**WORK INSTRUCTION**
Pictures are not part of the copy. Write out exactly the lines from the line with "Antique Gents' Engraved" through the end of the entries below.

(Collection entries)

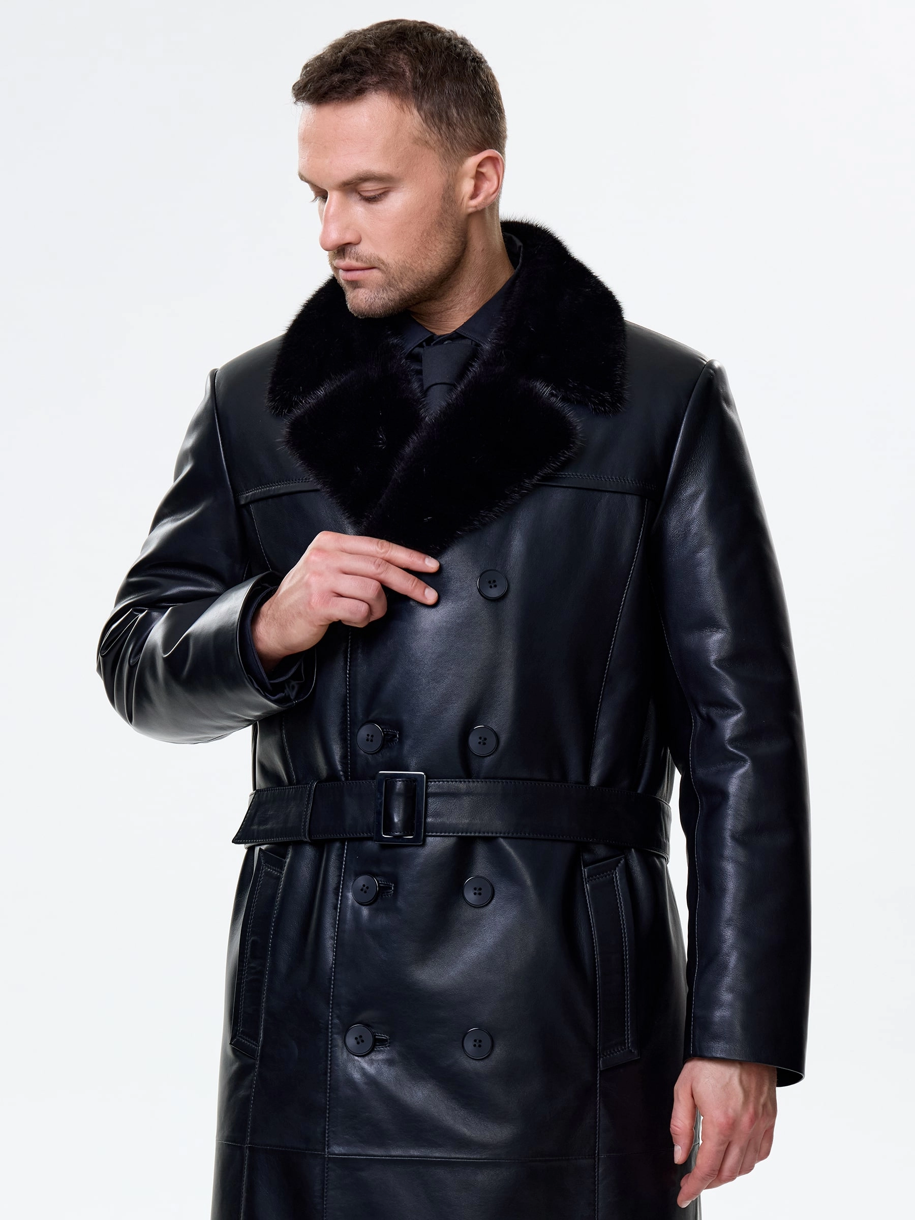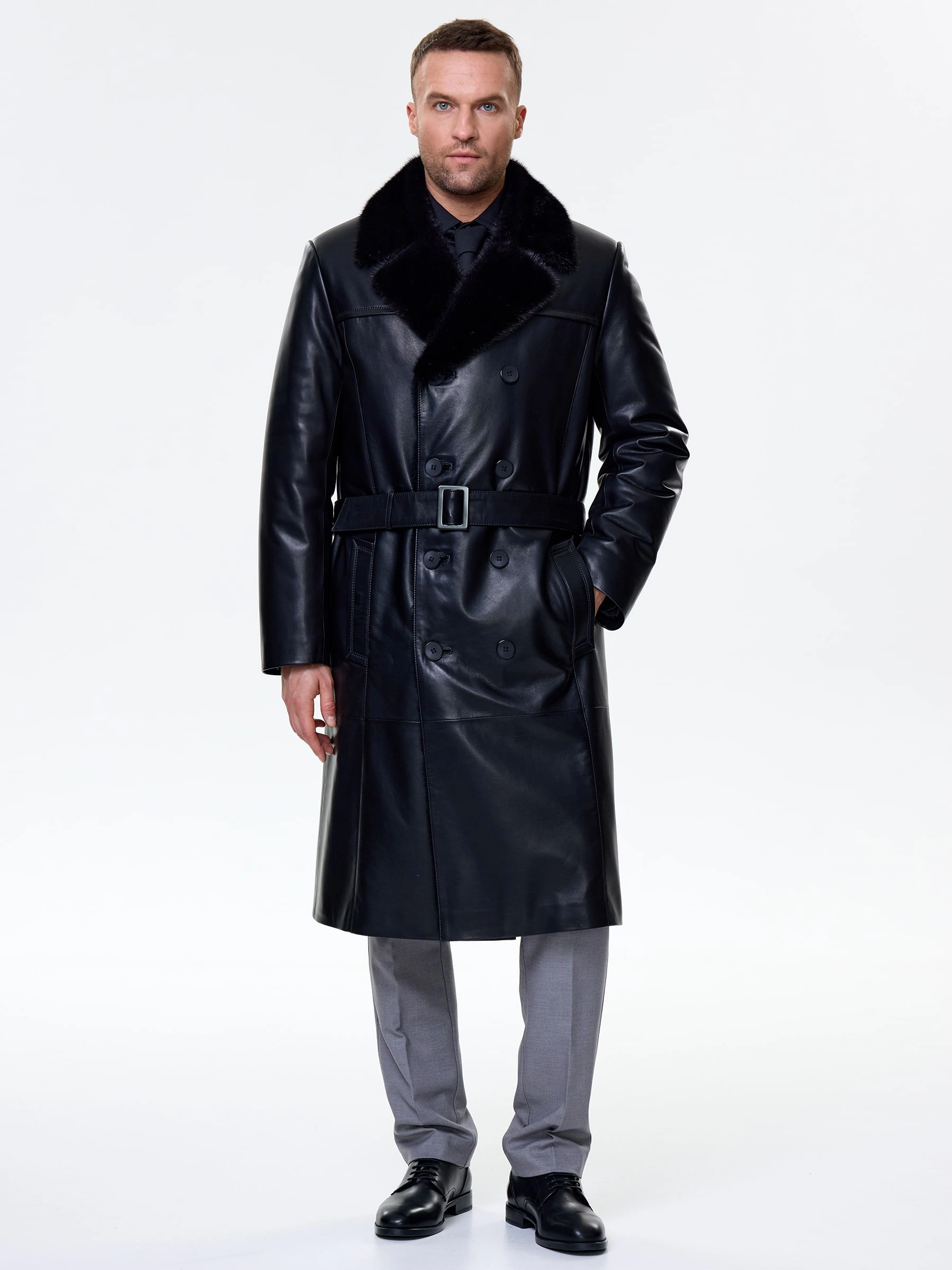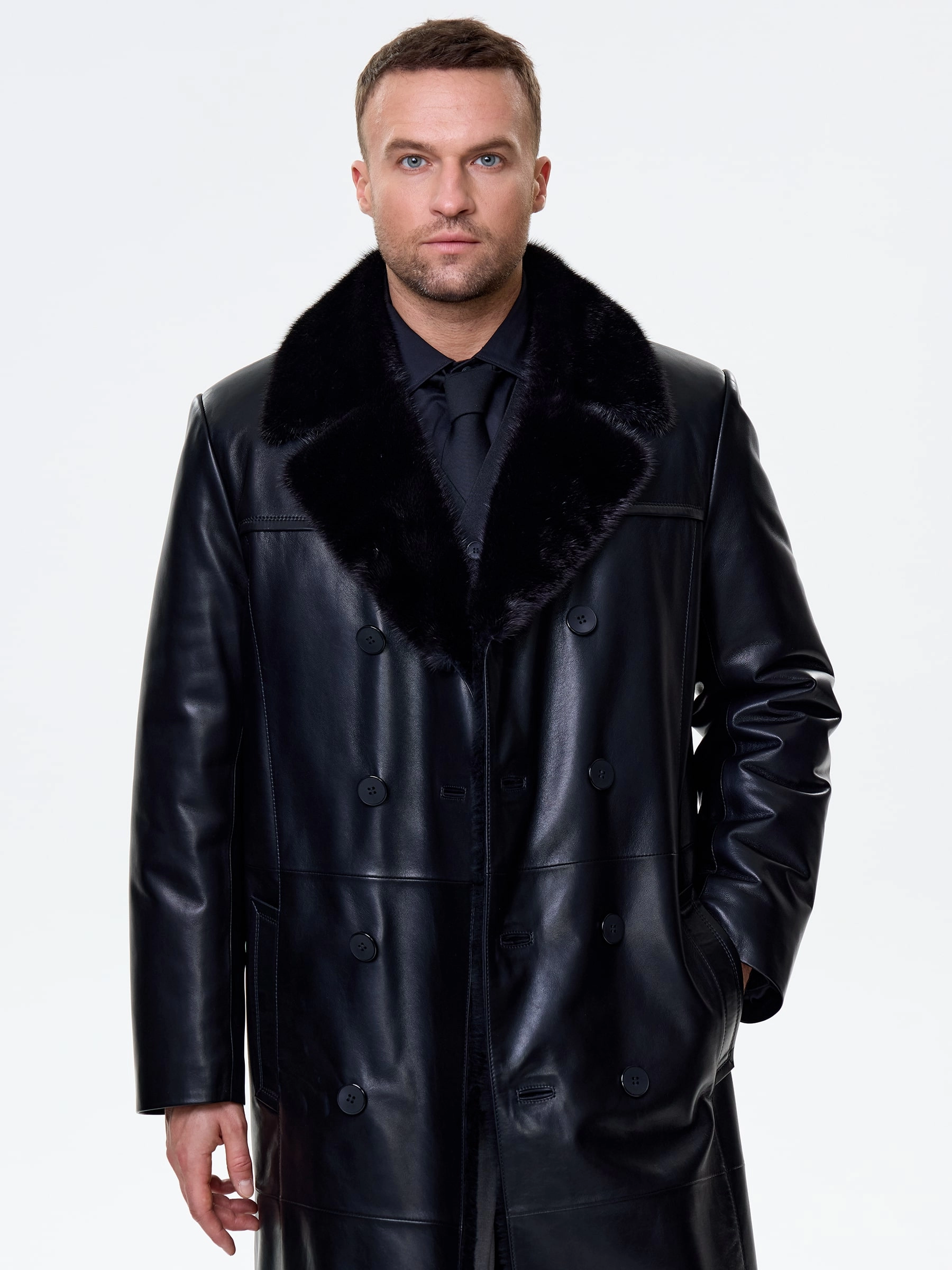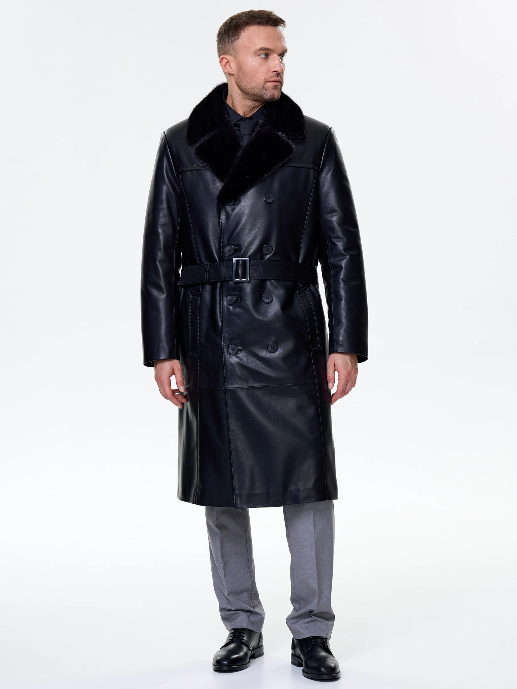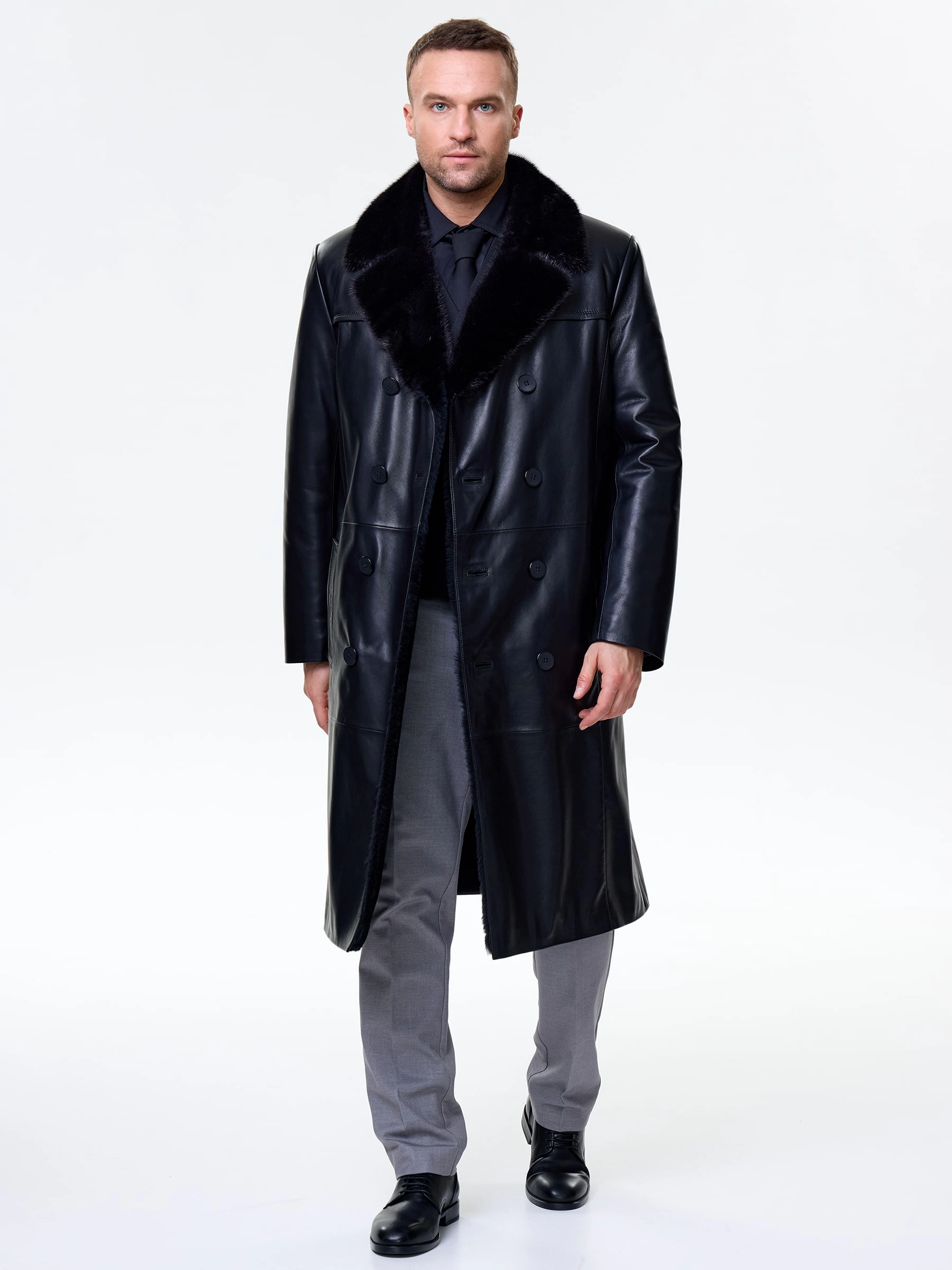 Товар мужской зимний кожаный плащ с норковым воротником премиум класса 563мех, черный, размер 48, артикул 41120 выполнен из натуральной кожи с застежкой пуговицы. Рассчитан на сезон: осень-зима. Длина изделия 115 см, силуэт прямой.
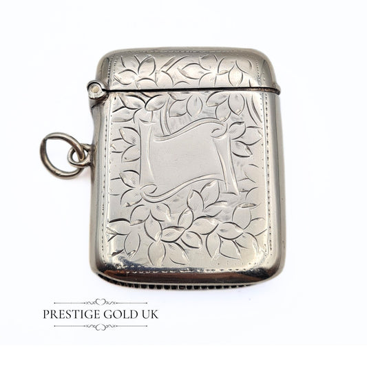 Antique Gents' Engraved Silver Match Holder/Vesta
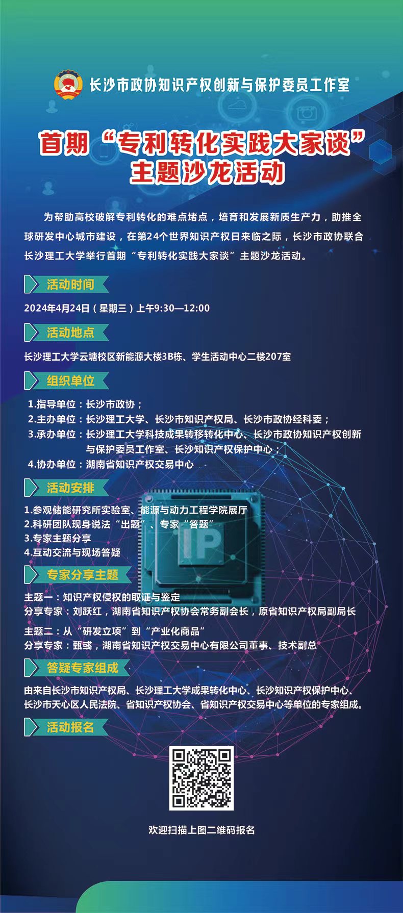 3.承办单位:永利集团88304官网科技成果转移转化中心、长沙市政协知识产权创新与保护委员工作室、长沙知识产权保护中心;
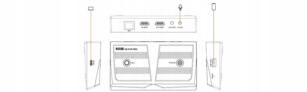 - Аудіовхід: HDMI, мікрофонний вхід (3,5 мм TRS), лінійний вхід (3,5 мм TRS), мікрофонний вхід (3,5 мм TRS)
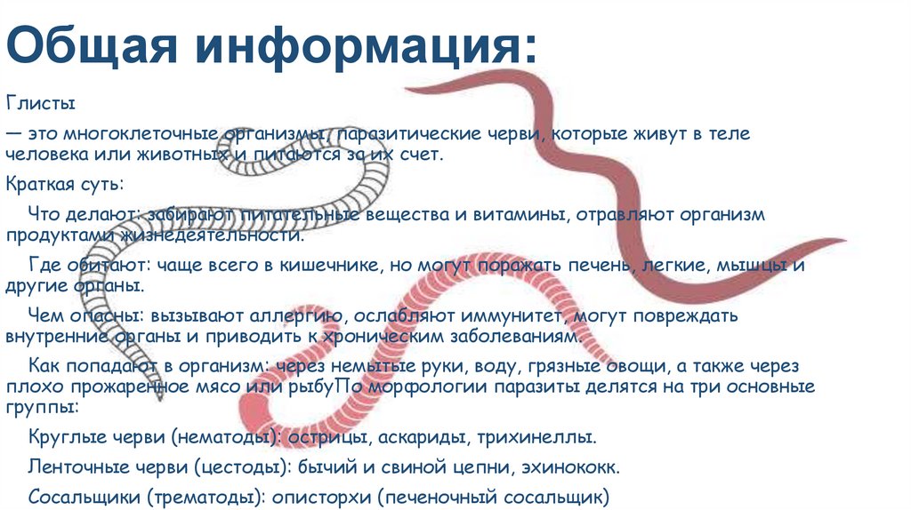 плохо прожаренное мясо или рыбуПо морфологии паразиты делятся на три основные

**SOLUTION FOR THIS TASK**
 Antique Gents' Engraved Silver Match Holder/Vesta
 3.承办单位:永利集团88304官网科技成果转移转化中心、长沙市政协知识产权创新与保护委员工作室、长沙知识产权保护中心;
 - Аудіовхід: HDMI, мікрофонний вхід (3,5 мм TRS), лінійний вхід (3,5 мм TRS), мікрофонний вхід (3,5 мм TRS)
 плохо прожаренное мясо или рыбуПо морфологии паразиты делятся на три основные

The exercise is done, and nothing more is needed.